The 23 June 2016 may be a historic day but what will happen to criminal justice and quasi criminal proceedings in the UK, should the outcome be to Brexit or Remain? In practice the UK would remain bound by EU law for up to two years while its exit was negotiated so nothing would happen immediately, but what then for criminal justice measures?
Dealing with Cross-border crime
One of the most obvious areas that a Brexit outcome will affect will be the UK’s ability to use EU instruments designed to deal with cross-border crime. The most well-known of the EU instruments is probably the European Arrest Warrant (the “EAW”). EAWs are provided for in UK law under the Extradition Act 2003 and allow members of the EU to use a fast tracked system when seeking to extradite individuals back to EU countries. They were designed to speed up extradition proceedings (which were taking years in some cases) and to reduce the cost to the courts and the UK Government. No longer being able to use this system as a default, the UK will need to fall back on the Council of Europe Convention on Extradition, negotiate individual treaties with each member state (which seems unlikely) or negotiate an opt in arrangement with the EU in order to retain the EAW and other instruments. This may be a challenge in itself, as all remaining member states would also need to agree.

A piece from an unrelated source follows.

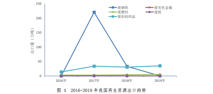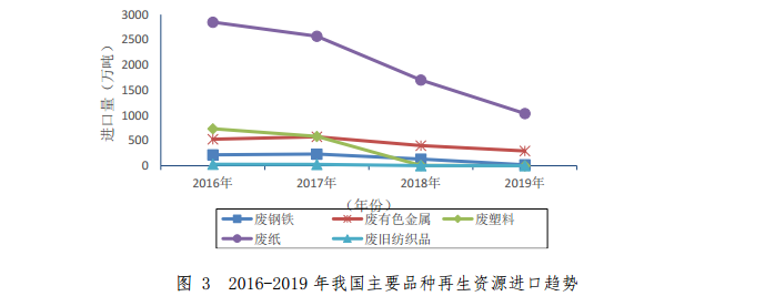 2019 年,我国废钢铁、废有色金属、废塑料、废纸、废旧纺织品五大品种再生资源进口量为 1349.42 万吨,同比下降 39.8%。其中降幅最大的是废塑料,同比下降98.2%。2018-2019年我国主要品种再生资源进口情况如表3所示。2016-2019 年我国再生资源进口趋势如图 3 所示。

Another reason for the introduction of the EAW was to stop EU countries refusing to agree to their own citizens being extradited. It may therefore become much harder to bring alleged European based perpetrators of crime to justice in the UK. In other words, we stand to lose the significant law enforcement benefits of being part of the EU.
We will also lose automatic access to the EU agencies designed to improve criminal justice co-operation within the EU, such as Europol and Eurojust. These organisations were set up in order to assist the EU member states share information and intelligence between law enforcement organisations. This is further complicated by the current Director of Europol being British.
Whilst it will clearly be in everyone’s interest to allow the UK to continue to share such information, for the sake of national security, it is not hard to see that the remaining EU member states may agree to UK participation but not to the UK having any input into how those organisations are run, their budgets or their policies.
EU framework decisions
The EU has produced minimum procedural safeguards for defendants in criminal cases in order to establish a uniform level of protection across the EU member states, in areas such as disclosure of evidence and access to legal advice. The UK has signed up to the majority of these safeguards but by no means all, in particular not the recent Presumption of Innocence Directive.
It is difficult to know whether there will be any impact on these rights if we leave the EU. The UK Government will not be governed by any overarching principles to keep such safeguards and we have already seen the creep of legislation against alleged perpetrators of crimes when it comes to terrorist cases and the introduction of wide ranging surveillance powers in the Investigatory Powers Bill, still to be further debated. The UK Government will be at liberty to do whatever it feels is necessary without regard to EU criminal justice instruments, and of course individuals will have no recourse save to our own courts and Parliament.
At present, the European Court of Justice at Luxembourg acts as a final legal tier of reference (but not an appeal court) in making sure that rights of individuals are not abused. Individuals will no longer have this option, unless the UK agrees to remain held by such safeguards under the terms of its ‘Exit’ deal.
What if we remain?
Even the most avid supporters of the EU agree that reform is required. Such reform is necessary at an EU level. EU lobbyists have already been working hard with the EU to reform the EAWs to include a requirement for individuals to have access to competent legal advice in both the requesting state and the state where the EAW is being executed.
Successful lobbying has previously seen the introduction of the proportionality test, meaning Poland could no longer seek extradition of Mr Blogs for the theft of some wardrobe doors. Other reforms proposed in the EU regarding the need for legal aid, training for defence lawyers, rights of victims and child suspects have not yet been the subject of a UK opt in, partly on the grounds that the Government considered our own procedures to be adequate.
Hopefully we will still be in the room to have these discussions and seek such reform. If not, let us hope that our MPs in Westminster are willing to uphold these important protections, and enhance and develop the rights of the individual against the power of the state – without the benefit of other European neighbours working to secure a common set of rules for an area of Freedom, Security and Justice.